Autonomic nervous system activity is dramatically altered when REM sleep is initiated (Fig. 117-1). REM sleep is marked by profound muscle sympathetic nerve activation, in terms of both frequency and amplitude,2,6 which attains levels significantly higher than in wakefulness.2 Sympathetic nerve activity is concentrated in short, irregular periods that are most striking when accompanied by intense eye movements.2 These bursts trigger intermittent increases in heart rate and arterial blood pressure to levels similar to those in wakefulness, with increased variability.2,6,7 Significant surges and pauses in heart rate during REM sleep have been described in several species, including humans.6,7 Cardiac efferent vagal tone and baroreceptor regulation5 are generally suppressed during REM sleep, and breathing patterns may become highly irregular and may lead, in susceptible individuals, to oxygen desaturation. Thus, while subserving the neurochemical functions of the brain, REM sleep can disrupt cardiorespiratory homeostasis. The brain’s increased excitability during REM sleep can also trigger major surges in sympathetic nerve activity to the skeletal muscular beds, accompanied by muscular twitching,2 which interrupts the generalized skeletal atonia of REM.8 The peripheral autonomic status characterized by muscle sympathetic nerve recording is compatible with reduced neuronal activity in the brainstem and other regions of the brain and reduced cerebral blood flow during NREM sleep and, during REM sleep, with increased brain activity in several discrete regions to levels higher than waking values.9



The decline in autonomic activity during sleep is also evident in peroneal muscle sympathetic nerve activity2,6 and peripheral levels of epinephrine and norepinephrine, and mirrors the generalized sleep-induced decline in heart rate and arterial blood pressure.10 A nocturnal nadir in plasma catecholamines is evident at 1 hour after sleep onset. Plasma cortisol is also depressed during sleep; increased levels are initiated at 5:00 AM.

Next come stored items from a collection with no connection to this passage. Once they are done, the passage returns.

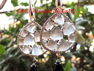 Orecchini con pendente lavorato all’uncinetto con filato gioiello e cristalli neri. Il perno è arricchito da pietre occhio di gatto (quarzo) bianco opalescente e zirconi.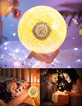 4-in-1 Portable Bluetooth Quran Speaker with Moon Lamp and FM Broadcast.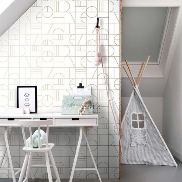 Esta behang Art Deco motief wit/goud 139141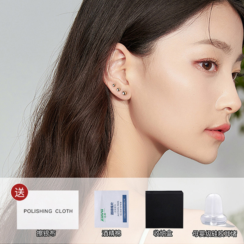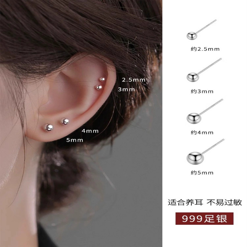 S999纯银耳钉女睡觉养耳洞免摘耳棒银饰耳环素圈耳骨钉耳洞耳饰

In the absence of readily achieved, direct measures of cardiac-bound nerve activity, analysis of heart rate variability (HRV) has emerged as a widely accepted method for measuring cardiac sympathetic versus parasympathetic neural dominance. High-frequency (HF) HRV is a general indicator of cardiac parasympathetic tone and includes the effects of respiration. The low- to high-frequency (LF/HF) ratio is widely accepted as an approximation of cardiac-bound sympathetic nerve activity, as validated by studies involving beta-adrenergic receptor blocking agents. Decreased HRV, indicating a decline in parasympathetic nerve activity, is an established indicator of risk for sudden cardiac death after MI. HRV analysis reveals a generalized increase in vagus nerve activity and a decrease in cardiac sympathetic nerve activity across the sleep period,11,12 probably reflecting the dominance of total sleep time by NREM sleep. HRV studies using 5-minute intervals provide results consistent with muscle nerve recording, indicating increased HF and decreased LF (or parasympathetic nerve dominance) in NREM sleep, but decreased HF and increased LF (or predominant sympathetic nerve activity) in REM sleep and during wakefulness.7 In healthy individuals, the increase in HRV measures of cardiac sympathetic nerve activity at onset of REM sleep is initiated before7,12 the transition from NREM sleep as classically defined from the polysomnographic record.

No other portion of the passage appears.